# [MATERIAL SHOWN]
◆ ◆ ◆ ◆ ◆
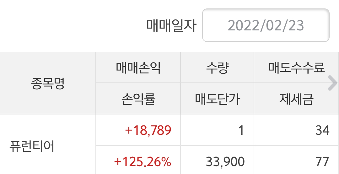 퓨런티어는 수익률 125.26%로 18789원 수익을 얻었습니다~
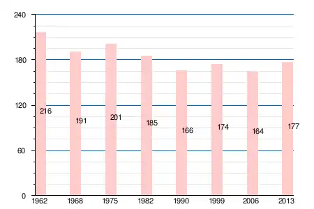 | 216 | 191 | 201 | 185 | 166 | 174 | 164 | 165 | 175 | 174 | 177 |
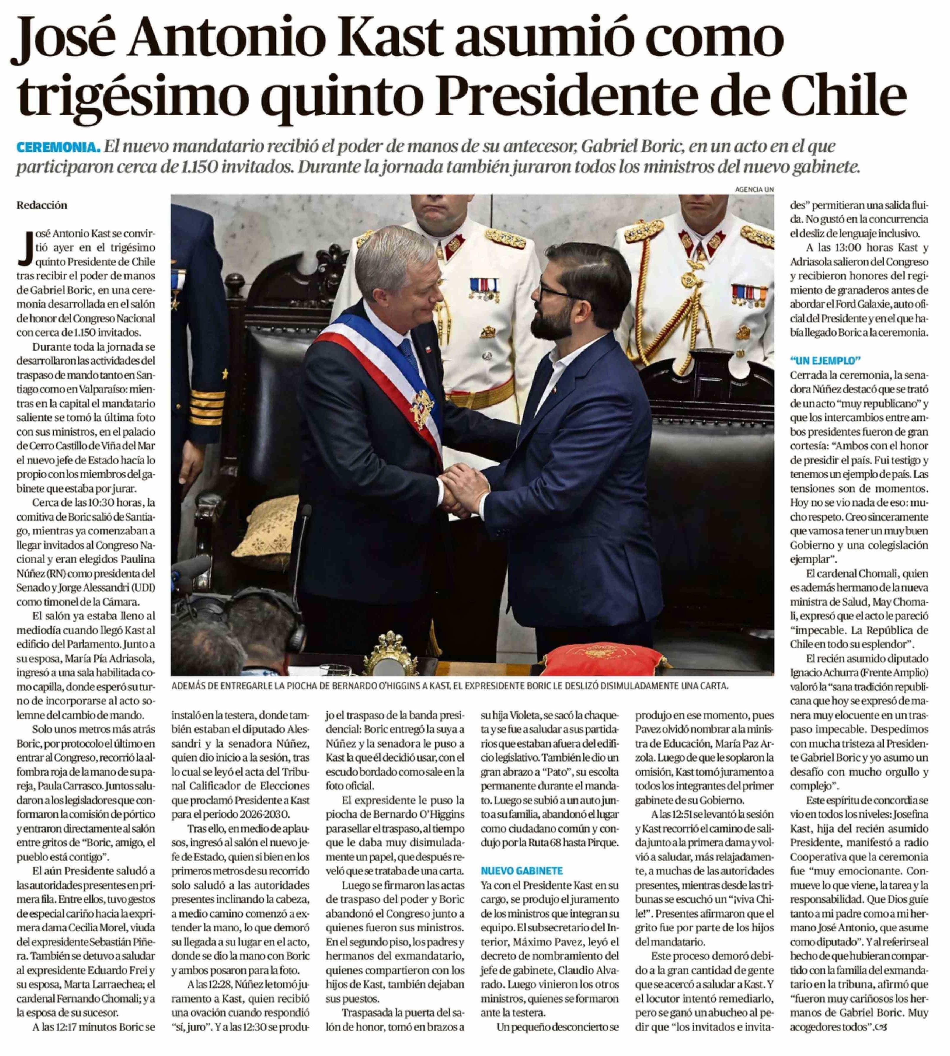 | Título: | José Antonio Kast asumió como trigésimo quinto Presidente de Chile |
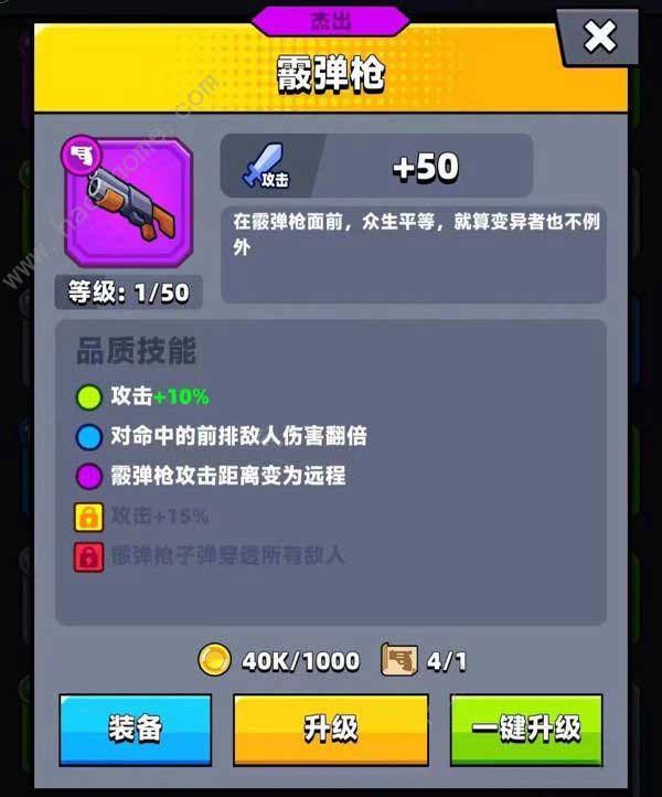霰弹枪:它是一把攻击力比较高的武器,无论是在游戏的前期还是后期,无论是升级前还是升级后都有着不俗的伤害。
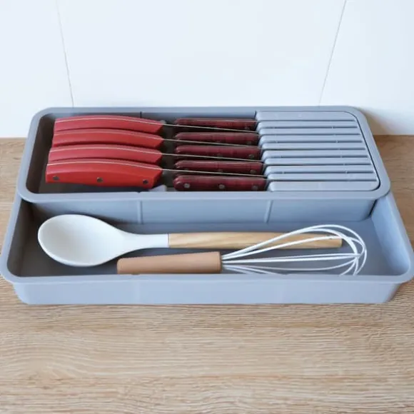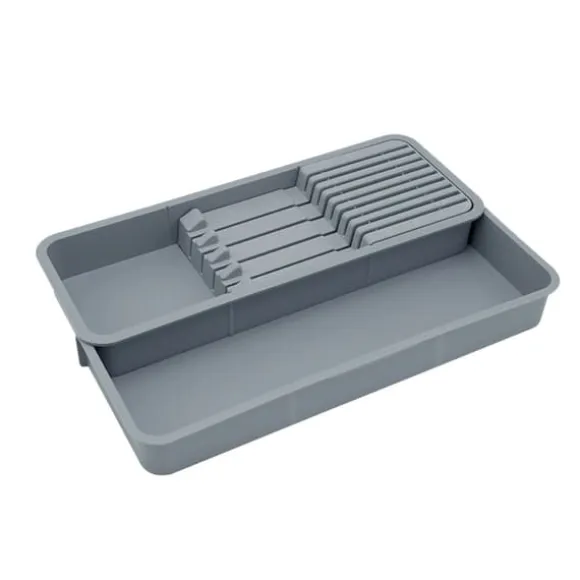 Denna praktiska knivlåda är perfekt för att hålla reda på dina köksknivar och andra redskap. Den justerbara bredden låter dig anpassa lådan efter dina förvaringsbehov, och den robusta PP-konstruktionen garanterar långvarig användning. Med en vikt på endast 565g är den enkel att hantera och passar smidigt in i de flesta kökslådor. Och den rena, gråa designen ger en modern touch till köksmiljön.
◆ ◆ ◆ ◆ ◆
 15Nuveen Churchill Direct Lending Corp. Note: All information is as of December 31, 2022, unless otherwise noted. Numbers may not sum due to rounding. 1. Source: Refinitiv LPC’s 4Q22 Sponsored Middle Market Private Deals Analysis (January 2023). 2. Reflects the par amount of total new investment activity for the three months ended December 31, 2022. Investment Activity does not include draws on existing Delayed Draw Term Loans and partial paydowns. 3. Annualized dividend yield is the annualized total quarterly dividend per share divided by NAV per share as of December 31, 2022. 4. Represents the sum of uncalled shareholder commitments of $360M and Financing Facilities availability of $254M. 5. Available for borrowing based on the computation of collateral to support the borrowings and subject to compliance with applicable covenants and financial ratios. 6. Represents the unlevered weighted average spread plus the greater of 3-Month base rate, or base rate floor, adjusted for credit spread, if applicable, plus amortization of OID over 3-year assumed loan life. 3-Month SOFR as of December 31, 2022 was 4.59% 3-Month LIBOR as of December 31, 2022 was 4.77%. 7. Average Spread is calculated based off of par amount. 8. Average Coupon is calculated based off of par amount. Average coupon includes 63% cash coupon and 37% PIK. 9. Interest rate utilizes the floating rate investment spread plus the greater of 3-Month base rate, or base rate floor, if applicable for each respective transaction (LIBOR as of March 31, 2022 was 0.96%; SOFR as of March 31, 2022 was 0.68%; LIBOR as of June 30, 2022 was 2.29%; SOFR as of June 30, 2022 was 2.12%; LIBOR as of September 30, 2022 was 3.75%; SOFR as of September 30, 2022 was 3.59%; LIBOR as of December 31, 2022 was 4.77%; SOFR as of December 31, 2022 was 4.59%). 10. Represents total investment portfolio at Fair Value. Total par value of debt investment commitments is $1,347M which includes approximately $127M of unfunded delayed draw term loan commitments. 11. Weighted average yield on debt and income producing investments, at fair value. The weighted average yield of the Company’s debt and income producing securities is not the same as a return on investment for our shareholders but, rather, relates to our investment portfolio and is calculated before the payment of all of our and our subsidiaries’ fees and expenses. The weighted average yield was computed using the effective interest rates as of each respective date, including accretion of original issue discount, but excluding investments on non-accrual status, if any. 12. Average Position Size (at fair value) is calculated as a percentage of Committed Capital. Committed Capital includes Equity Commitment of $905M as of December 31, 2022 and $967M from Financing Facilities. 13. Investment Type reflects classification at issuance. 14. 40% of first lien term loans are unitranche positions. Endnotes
◆ ◆ ◆ ◆ ◆
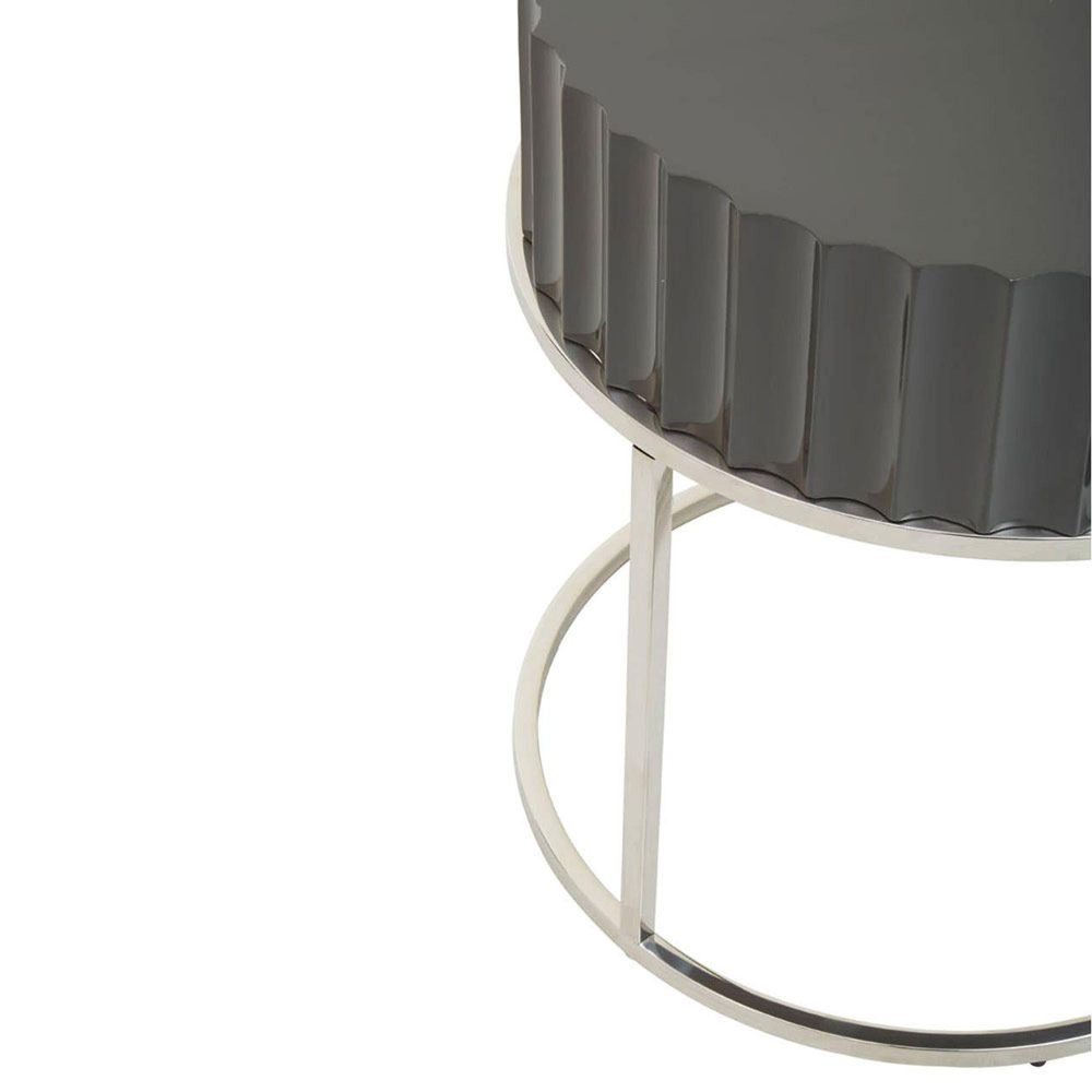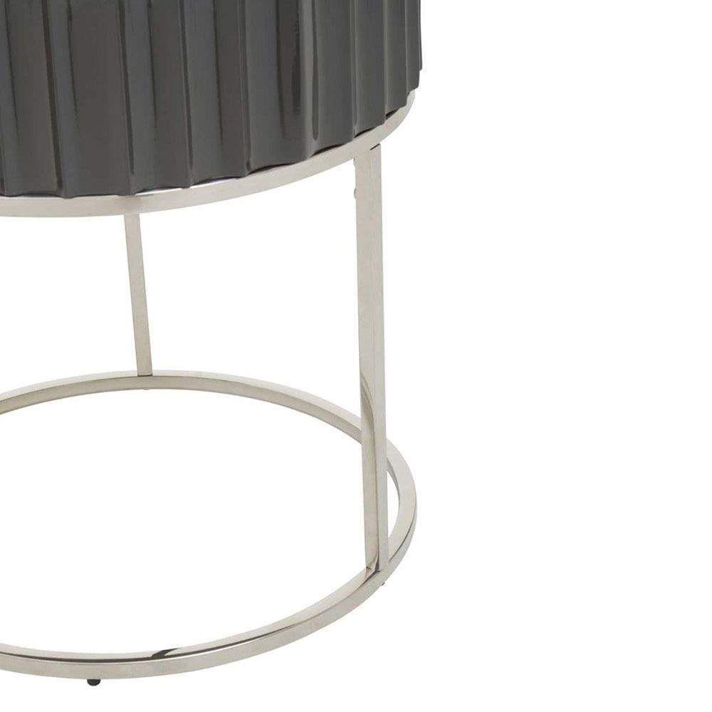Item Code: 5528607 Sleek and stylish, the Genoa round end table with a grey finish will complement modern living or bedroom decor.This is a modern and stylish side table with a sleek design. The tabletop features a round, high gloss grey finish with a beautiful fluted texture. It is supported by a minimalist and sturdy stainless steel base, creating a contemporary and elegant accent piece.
◆ ◆ ◆ ◆ ◆
Given the records above, return the lines starting at the one that holds "霰弹枪:它是一把攻击力比较高" and ending at the one that holds "Denna praktiska knivlåda", exactly, and nothing besides; leave every picture out.

霰弹枪:它是一把攻击力比较高的武器,无论是在游戏的前期还是后期,无论是升级前还是升级后都有着不俗的伤害。
 Denna praktiska knivlåda är perfekt för att hålla reda på dina köksknivar och andra redskap. Den justerbara bredden låter dig anpassa lådan efter dina förvaringsbehov, och den robusta PP-konstruktionen garanterar långvarig användning. Med en vikt på endast 565g är den enkel att hantera och passar smidigt in i de flesta kökslådor. Och den rena, gråa designen ger en modern touch till köksmiljön.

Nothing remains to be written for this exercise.